MOSCOW (Reuters) - Russia has drawn up retaliatory measures in case the United States leaves the Open Skies treaty, a pact which allows both countries to conduct surveillance flights over each other’s territory, the RIA news agency reported late on Wednesday.
The treaty, which entered into force in 2002, covers 34 countries and is designed to build trust between signatories, allowing them to conduct short-notice unarmed surveillance flights to gather information on one another’s militaries.
Russia and the United States, the world’s two biggest nuclear powers, have used it to keep an eye on each other’s activities, but senior U.S. Democratic lawmakers said last month they believe President Donald Trump may pull Washington out of the pact.
RIA cited a senior Russian Foreign Ministry official as saying late on Wednesday that Washington’s exit from the Open Skies treaty would deal a blow to global security, but that Moscow had drawn up a response in case it happened.
“Of course. We’ve got everything ready. You’ll find out,” Vladimir Ermakov, head of the ministry’s arms control and non-proliferation department, was quoted as saying.
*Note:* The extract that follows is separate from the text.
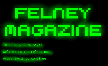 In 2003 I got nostalgic for my days of reading UK underground E-zines like SWAT and F4ITH (which I had been doing only 3-4 years earlier), so decdided to create my own one! SWAT and F4ITH (and UP, APT, AntiSocial, ANTI etc) were themselves inspired by even older text file E-zines like PHRACK and PHUK, which had been distributed on the proto-internet BBS systems. Having a "nice" web-host, I couldn't fill my own Felney Magazine (FM?) with instructions for hacking, phreaking and "anarchy" (making bombs), so it's mostly just any random thoughts I had at the time. I started to make another issue around November 2020, but never finished it. Perhaps I'll continue this one day. |

A U.S. exit from the treaty would further erode the global arms control architecture which is under pressure since the demise in August of a landmark nuclear arms control pact.
The last remaining major nuclear arms control treaty between the United States and Russia, New START, is due to expire in February 2021 and Moscow has warned there is already not enough time left to negotiate a full-fledged replacement.